> _WORK TO COMPLETE_
Using the data below, print exactly the line with "1月29日,在复旦大学附属中学,美国马斯卡廷中学学生参加舞龙体验活动。", the line with "- Short-circuit between", and every line between them, but none of the pictures.

──────

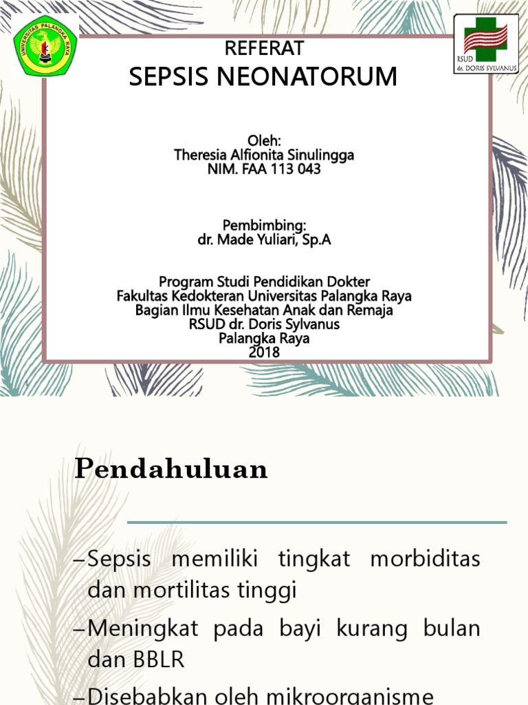 PPT Referat Sepsis - Free download as Powerpoint Presentation ppt pptx PDF File pdf Text File txt or view presentation slides online. Infection in the first four weeks of life. Onset is most rapid in premature neonates.
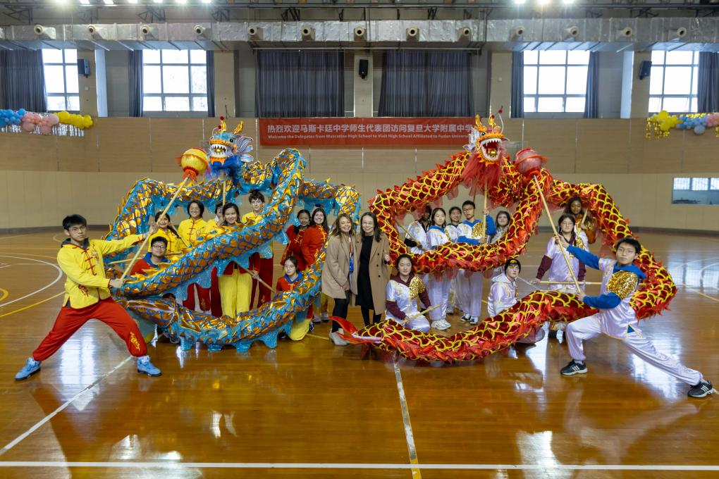 1月29日,在复旦大学附属中学,美国马斯卡廷中学学生参加舞龙体验活动。
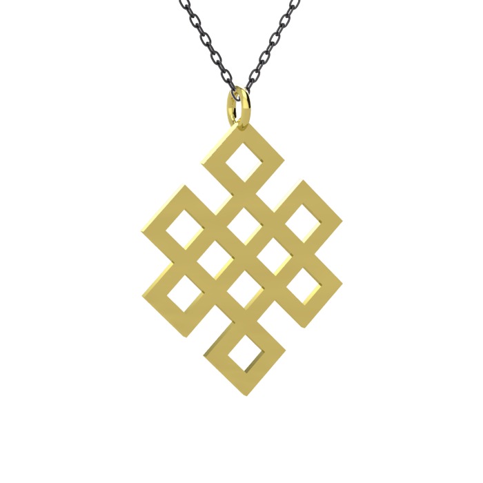 Budizm de ki en önemli sembollerden biri olan Shrivatsa’dan (sonsuz düğüm) ilham alınarak tasarlanan kolyemiz ile sonsuz bilgeliğinizi ve bütünlüğünüzü etrafınıza yansıtın. Shrivatsa sembolu 90 derecelik açılarlar ile iç içe geçen çizgilerden oluşmuştur. Hiç bir çizginin bir başlangıcı ve bitişi bulunmamaktadır. Bu formu sayesinde sonsuzluğu simgelemekyedir. Bu Sonsuz düğüm sembolu aynı zamanda kaderimizi karma ile birleştirmenin semboludur o yüzden bir diğer adı da Karma Sembolüdür. Detaylı Bilgi
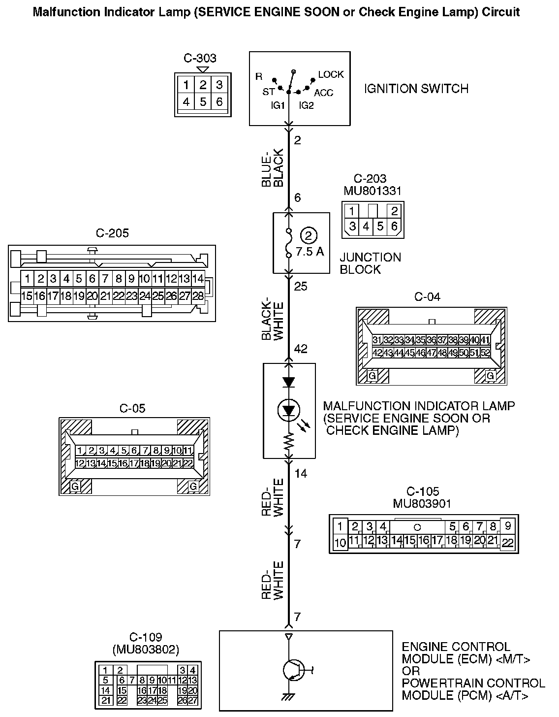 - Short-circuit between the malfunction indicator lamp (SERVICE ENGINE SOON or check engine lamp) and ECM
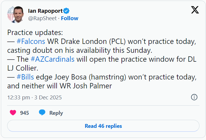 According to Ian Rapoport of NFL Network, Bosa, along with wide receiver Josh Palmer and linebacker Terrel Bernard, didn’t practice on Wednesday.
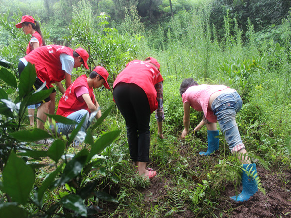 7月21日和7月27日,为了能够减轻农民的压力,我队全体志愿者利用支教的空余时间分别前往地里和场坝帮助农民们除草和晒玉米(特别是帮助劳动力不足和劳动主力年纪较大的家庭。)
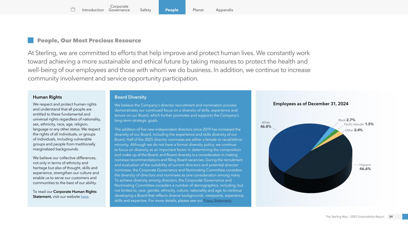 Hispanic 46.6% White 46.8% Black 2.7% Pacific Islander 1.5% Other 2.4% Employees as of December 31, 2024 The Sterling Way — 2025 Sustainability Report 24 People, Our Most Precious Resource At Sterling, we are committed to efforts that help improve and protect human lives. We constantly work toward achieving a more sustainable and ethical future by taking measures to protect the health and well-being of our employees and those with whom we do business. In addition, we continue to increase community involvement and service opportunity participation. Human Rights We respect and protect human rights and understand that all people are entitled to these fundamental and universal rights regardless of nationality, sex, ethnicity, race, age, religion, language or any other status. We respect the rights of all individuals, or groups of individuals, including vulnerable groups and people from traditionally marginalized backgrounds. We believe our collective differences, not only in terms of ethnicity and heritage but also of thought, skills and experience, strengthen our culture and enable us to serve our customers and communities to the best of our ability. To read our Corporate Human Rights Statement, visit our website here. Board Diversity We believe the Company’s director recruitment and nomination process demonstrates our continued focus on a diversity of skills, experience and tenure on our Board, which further promotes and supports the Company’s long-term strategic goals. The addition of five new independent directors since 2019 has increased the diversity of our Board, including the experience and skills diversity of our Board. Half of the 2025 director nominees are either a female or racial/ethnic minority. Although we do not have a formal diversity policy, we continue to focus on diversity as an important factor in determining the composition and make-up of the Board, and Board diversity is a consideration in making nominee recommendations and filling Board vacancies. During the recruitment and evaluation of the suitability of current directors and potential director nominees, the Corporate Governance and Nominating Committee considers the diversity of directors and nominees as one consideration among many. To achieve diversity among directors, the Corporate Governance and Nominating Committee considers a number of demographics, including, but not limited to, race, gender, ethnicity, culture, nationality and age, to continue developing a Board that reflects diverse backgrounds, viewpoints, experience, skills and expertise. For more details, please see our Proxy Statement. Introduction Safety Corporate Governance People AppendixPlanet
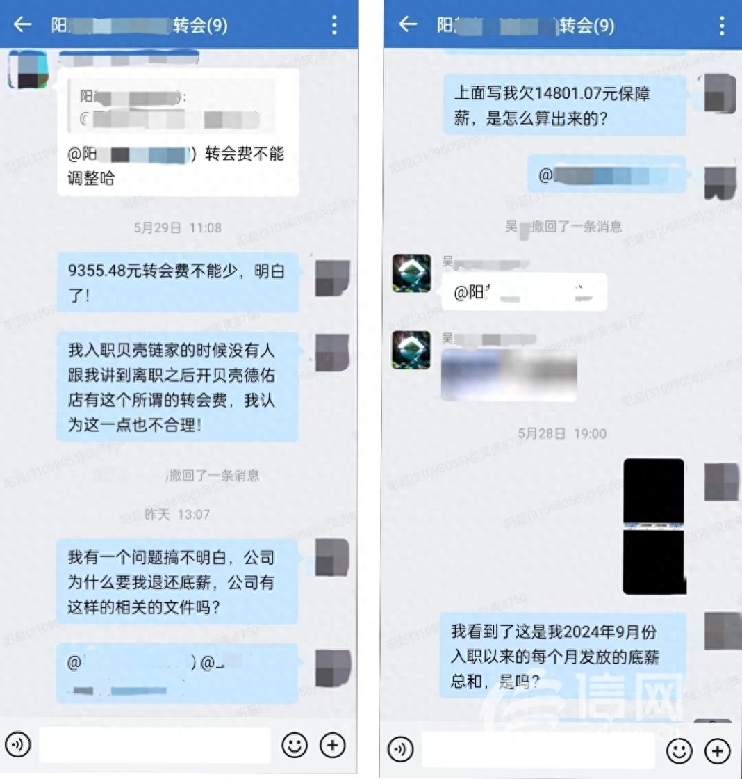 从阳先生提供的与链家和深圳聚成人力资源公司相关工作人员的聊天记录中信网发现,阳先生多次尝试追问“借薪制”的制度依据、转会费的协商流程及标准等问题,工作人员回应称,“保障薪”实际为“责任薪”,转会费需转出转入方店东协商,按公司内部建议标准进行核算,这些对规则细节的解释并未能让阳先生信服。这种先用底薪预支再以提成抵扣的模式,被阳先生质疑实为变相无底薪用工,阳先生指出,相关规定均未在合同中体现。“这个转会费让我觉得自己好像突然变成了足球明星,都要出转会费。”
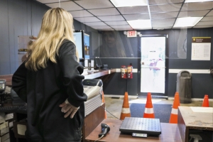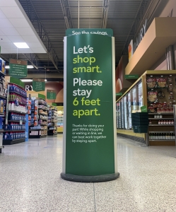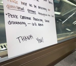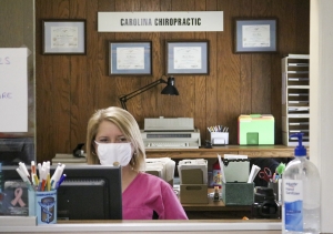 ROCK HILL, S.C. – The following photos are part of a series on how Coronavirus has affected businesses in Rock Hill, SC. From what I have noticed, many businesses are still open but they are making adjustments to protect workers and customers. The first two pictures feature Richelle Boon, a worker at Carolina Chiropractic taking my mom’s temperature before she can go back for her appointment. The next two pictures focus on how UPS has installed a plexiglass sheet and cones to maintain a safe distance between workers and customers. Lastly, pictures five and six show how Publix has promoted the six feet apart rule.

──────

> _EXERCISE ANSWER_
 1月29日,在复旦大学附属中学,美国马斯卡廷中学学生参加舞龙体验活动。
 Budizm de ki en önemli sembollerden biri olan Shrivatsa’dan (sonsuz düğüm) ilham alınarak tasarlanan kolyemiz ile sonsuz bilgeliğinizi ve bütünlüğünüzü etrafınıza yansıtın. Shrivatsa sembolu 90 derecelik açılarlar ile iç içe geçen çizgilerden oluşmuştur. Hiç bir çizginin bir başlangıcı ve bitişi bulunmamaktadır. Bu formu sayesinde sonsuzluğu simgelemekyedir. Bu Sonsuz düğüm sembolu aynı zamanda kaderimizi karma ile birleştirmenin semboludur o yüzden bir diğer adı da Karma Sembolüdür. Detaylı Bilgi
 - Short-circuit between the malfunction indicator lamp (SERVICE ENGINE SOON or check engine lamp) and ECM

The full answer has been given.